And on each string there is a number that says, it's a fret you have to press when you play that note. And they managed to parse that with text text, and the grammar is actually very elegant. And if you think about it, it's like a 2 dimensional language. You know, you have not only horizontal you you're not only parsing horizontally, but vertically also because you have to correlate the different strings at the same place. And the interpreter for that language will play the music. So they designed language with the semantics of playing the music that is described by the user. So it's, for example, for me, was very innovative and interesting way of using TextX.
[00:39:37] Unknown:
Yeah. That's really cool. And as far as your experience of building TextX and maintaining it and continuing to use it as a teaching tool, what have you found to be some of the most interesting or unexpected or challenging lessons that you've learned in the process?
[00:39:53] Unknown:
Well, maintenance, of open source projects in general, I I learned is time consuming and not very easy to do, especially when the projects start to get some traction. So, when you're maintaining project, you have a lot of, a lot of work to do around just organizing stuff, making sure every issue is commented on and every pull request is reviewed and etcetera etcetera. And release process is done properly with the right versioning and stuff like that. So since many ops open source projects are done on a voluntary basis in a free time and, it's something hard to do. So, in I think it was a year and a half ago, I got a I got a really great contribution for Pierre Berl.

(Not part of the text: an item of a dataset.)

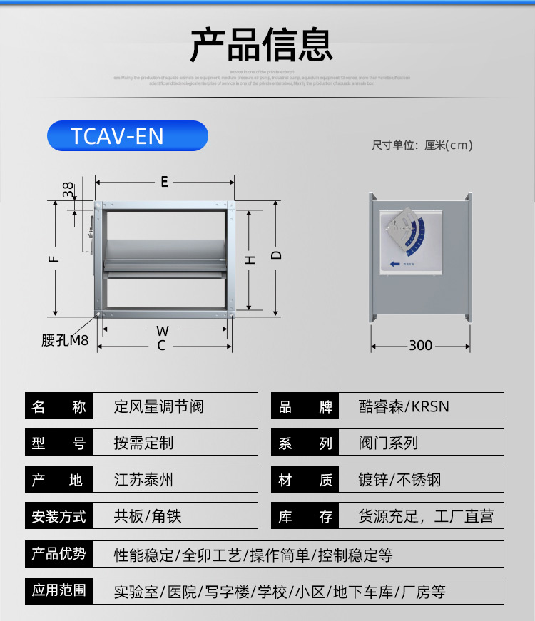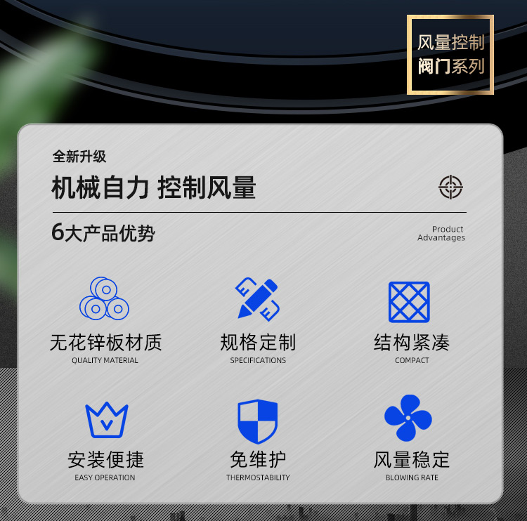 酷睿森EN型風量調節器為機械自動式結構,是為定風量系統中的 風量控制而開發的,適用于送風和排風。 EN:風量調節器,規格100*100至1200*600 每臺調節器出廠前都設置到一個參考風量,并通過氣流性能測試。無需任何工具,通過外部的刻度盤就可方便地設定所需風量。為了簡化安裝,可以根據調節器的公稱尺寸來訂貨,然后在隨后的調試過程中方便精確地設定所需風量。 風量調節器的運行無需外部供電,它依靠一塊靈活的閥片在空氣動力的作用下,能將風量在整個壓差范圍內恒定在設定值

It was implementation of custom scoping support because Textex had always this reference resolving thing but reference is let me quickly just describe what it is. For example when you are parsing something, At some place you have here I want to match the name of some object I defined somewhere else and the text text in that place will resolve that to a proper Python reference. So you don't have to do that yourself. That's why you end up with a graph of Python object not a tree. And the scoping was done by using a global scope. So the text text in the older version or by default will search for that kind of object, that type of object but globally. And that's not all what you always want. So peer done a support for custom scopes. You can define the custom scope provider that will, where you can in Python define actual algorithm how that object is to be found. And another piece of that pull request was support for multi model and multi methanol. So you can for example have several grammars different and you can build model that can reference things from other model in other languages.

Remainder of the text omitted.